In the continued development of cortico-striatal-thalamic models in MDD it will be important to integrate habenular function. The lateral habenula exerts an inhibitory influence on dopaminergic neurons of the ventral tegmental area and substania nigra [89], which are considered important for learning by negative reinforcement [90]. Consistent with this functional role of the habenula, aberrant habenula volume [91] and functioning [92, 93] have been observed in MDD.
Summary, limitations, and future directions
Here we present a narrative connecting abnormalities from genetics to metabolic and cytokine and neurotransmitter signaling to the neural-systems level in major depression. See Fig. 3 for a summary schematic of our synthesis. The connections between these levels derive from large-scale and/or replicated investigations as well as from theoretical architectures. While the potential for such cross-level integration is encouraging, the account we present is far from comprehensive and final. For example, the connections we detail between the polygenetic signature of MDD and metabolic and immunological dysfunction extend from genetic correlations between these domains. We lack a stepwise, functional-genomics description of this link detailing the genetic-proteomic pathways involved. Moreover, much of the formulation we present connecting immunological abnormalities to dopaminergic signaling is based on pre-clinical models and awaits confirmation in humans. Further, the literature linking dopaminergic abnormalities in MDD with neural-system-level dysfunction is scant and awaits replication. Finally, while we have been careful to avoid unwarranted assertions of causality here, a hierarchical, multilevel account such as this one cannot help but contain some implied causality along the gene-to-whole-brain trajectory.
Our multilevel model of major depression from genetic to cytokine signaling to neurotransmitter to neural-system levels.
The account we present suggests at least as many testable hypotheses as it addresses in the development of a multilevel account of major depression. As we state above, formulations relating immunological alterations and dopamine signaling in MDD require more and better testing.
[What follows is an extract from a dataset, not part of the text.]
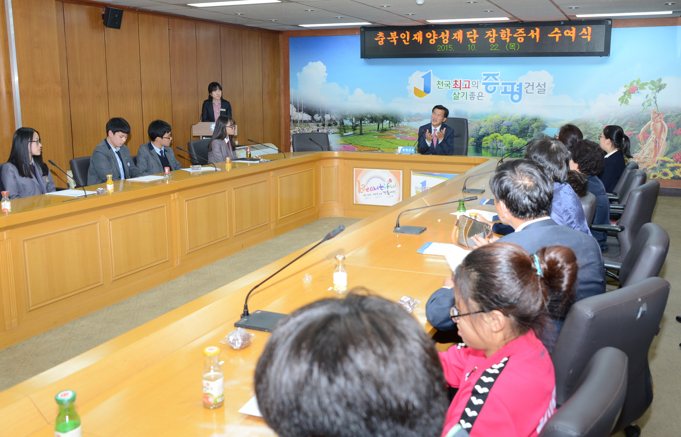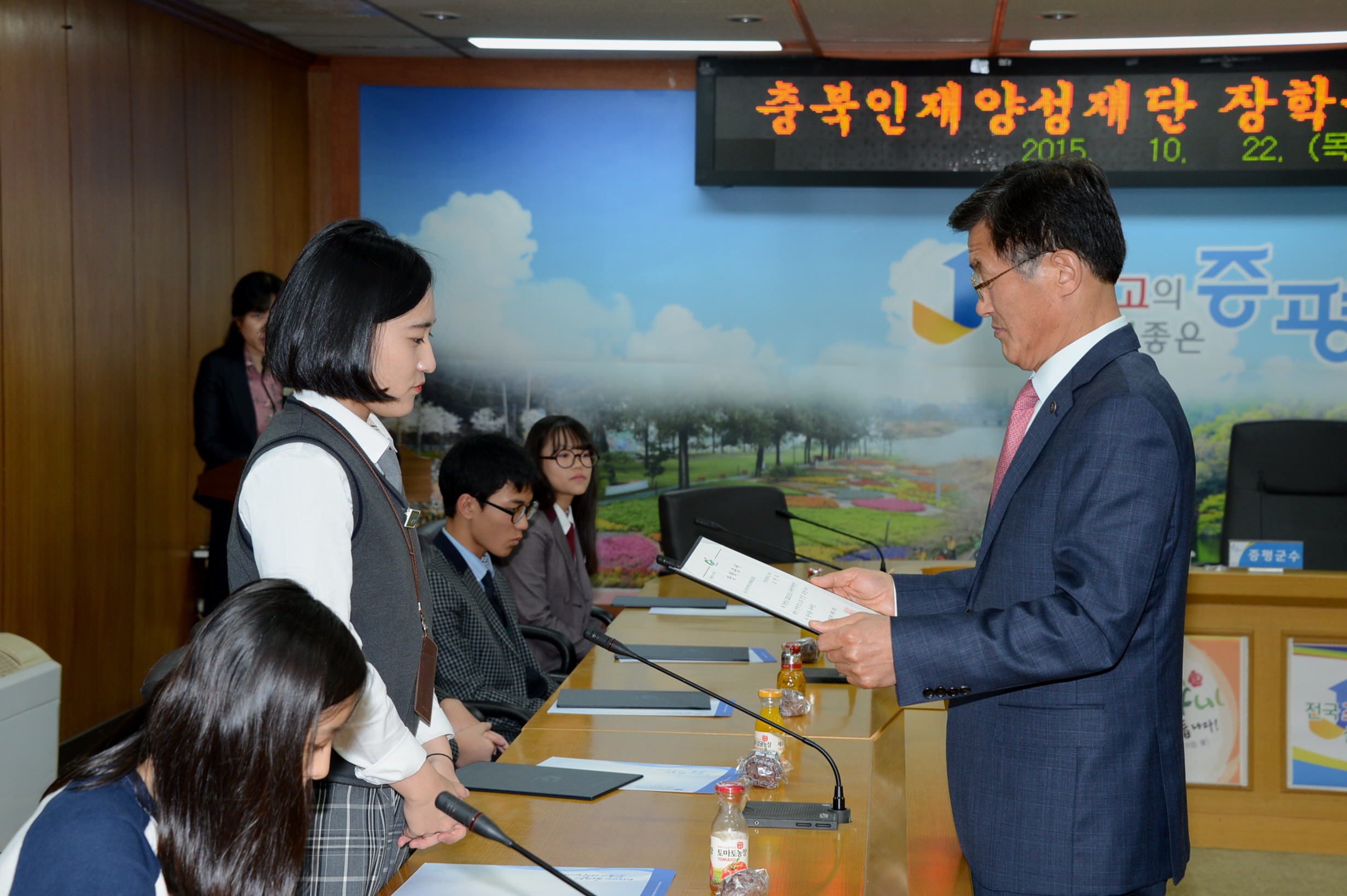 증평군은 22일 오후 5시 30분 군청 소회의실에서 홍성열 군수와 장학생, 가족 등 30여명이 참석한 가운데 2015년 하반기 충북인재양성재단(이사장 이시종 충북도지사)에서 선발한 장학생에 대해 장학증서 수여식을 가졌다.(보도자료실 참조)

In this context, multimodal radioligand imaging for relating immunological and neurotransmitter levels—tandem translocator protein and raclopride PET imaging, for example—in a case-control design could be useful. Further, our assertions that inflammation causes changes in dopaminergic signaling in the brain are derived only from animal-model studies. To test this causal hypothesis in humans it would be feasible to conduct an experimental medicine study assessing dopaminergic neurotransmission in individuals during inflammation challenge (e.g., with lipopolysaccharide [94]) versus placebo. Finally, while the immuno-metabolic characterization of depression has been useful, immune and metabolic factors are not completely synonymous [9] and causal investigations of the latter are largely absent. Another potentially valuable line of investigation, therefore, could focus on the development of metabolic challenge paradigms with emphasis on their neural-level effects.
References
Lamers F, Vogelzangs N, Merikangas K, De Jonge P, Beekman A, Penninx B. Evidence for a differential role of HPA-axis function, inflammation and metabolic syndrome in melancholic versus atypical depression. Mol Psychiatry. 2013;18:692–9.
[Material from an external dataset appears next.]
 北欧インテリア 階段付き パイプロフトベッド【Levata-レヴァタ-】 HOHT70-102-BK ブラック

Musil R, Seemüller F, Meyer S, Spellmann I, Adli M, Bauer M, et al. Subtypes of depression and their overlap in a naturalistic inpatient sample of major depressive disorder. Int J Methods Psychiatr Res. 2018;27:e1569.
Drysdale AT, Grosenick L, Downar J, Dunlop K, Mansouri F, Meng Y, et al. Resting-state connectivity biomarkers define neurophysiological subtypes of depression. Nat Med. 2017;23:28–38.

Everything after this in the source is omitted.